Modification of membrane properties and fatty acids biosynthesis-related genes in Escherichia coli and Staphylococcus aureus: Implications for the antibacterial mechanism of naringenin
文献类型: 外文期刊
第一作者: Wang, Lang-Hong
作者: Wang, Lang-Hong;Zeng, Xin-An;Brennan, Charles S.;Wang, Man-Sheng;Brennan, Charles S.;Gong, Deming
作者机构:
关键词: Antibacterial component;Foodborne bacteria;Membrane fluidity;Fatty acid biosynthesis-associated genes
期刊名称:BIOCHIMICA ET BIOPHYSICA ACTA-BIOMEMBRANES ( 影响因子:3.747; 五年影响因子:4.404 )
ISSN: 0005-2736
年卷期: 2018 年 1860 卷 2 期
页码:
收录情况: SCI
摘要: In this work, modifications of cell membrane fluidity, fatty acid composition and fatty acid biosynthesis-associated genes of Escherichia coil ATCC 25922 (E. coil) and Staphylococcus aureus ATCC 6538 (S. aureus), during growth in the presence of naringenin (NAR), one of the natural antibacterial components in citrus plants, was investigated. Compared to E. coil, the growth of S. aureus was significantly inhibited by NAR in low concentrations. Combination of gas chromatography-mass spectrometry with fluorescence polarization analysis revealed that E. coil and S. aureus cells increased membrane fluidity by altering the composition of membrane fatty acids after exposure to NAR. For example, E. coil cells produced more unsaturated fatty acids (from 18.5% to 43.3%) at the expense of both cyclopropane and saturated fatty acids after growth in the concentrations of NAR from 0 to 2.20 mM. For S. aureus grown with NAR at 0 to 1.47 mM, the relative proportions of anteiso-branched chain fatty acids increased from 37.2% to 54.4%, whereas iso-branched and straight chain fatty acids decreased from 30.0% and 33.1% to 21.6% and 23.7%, respectively.

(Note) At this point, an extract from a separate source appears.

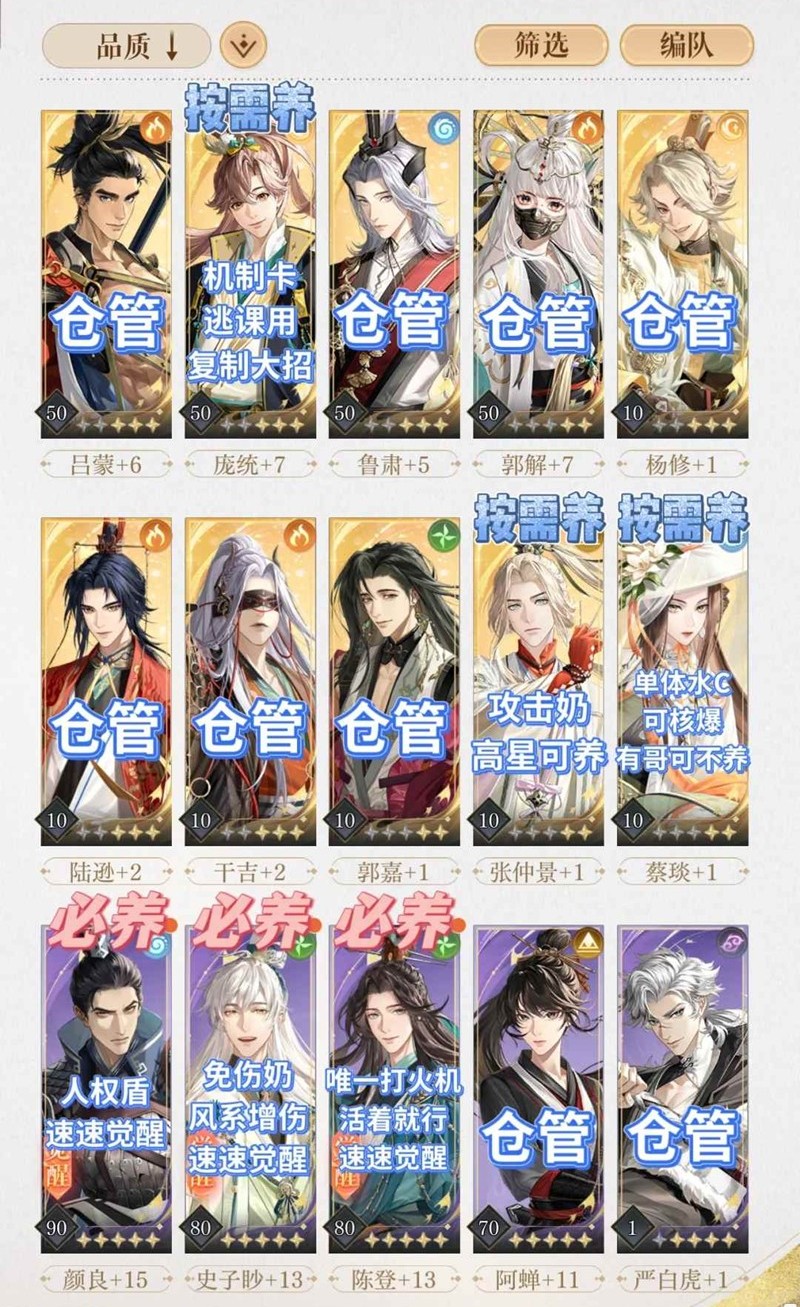 3. 按需养的卡:确定有队友/卡关再养,练度活着就行(常用的养到70,其他的站不住再升)贾诩、庞统都只能配技伤输出;孙权一般用来配角叔叠免伤逃课,或用他的嘲讽和多段攻击走机制;令狐茂、刘豹是水拐,养了水C再养水拐;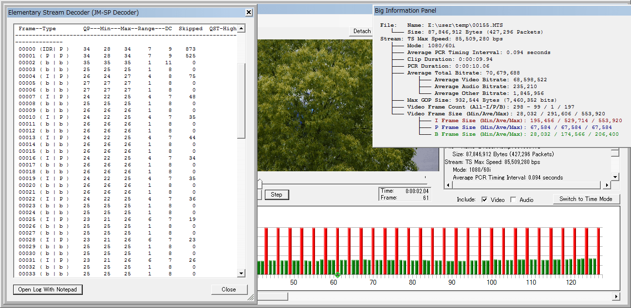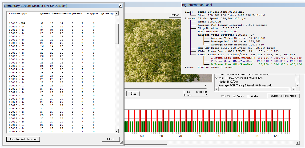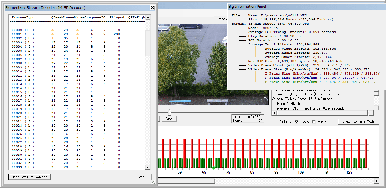 最近のパターンで4条件撮ってビットレート最大/最小のを並べてますが、今回は何故か最小が iso800+ETCになってます。微風とはいえ暗かった(ssが遅すぎた)のが原因か?、上のも I-frameが1M切ってる大人しいデータですねぇ(Maxらしくない??)。

Real time q-PCR analysis showed that NAR at higher concentrations induced a significant down-regulation of fatty acid biosynthesis-associated genes in the bacteria, with the exception of an increased expression of fabA gene. The minimum inhibitory concentration (MIC) of NAR against these two bacteria was determined, and both of bacteria underwent morphological changes after exposure to 1.0 and 2.0 MIC.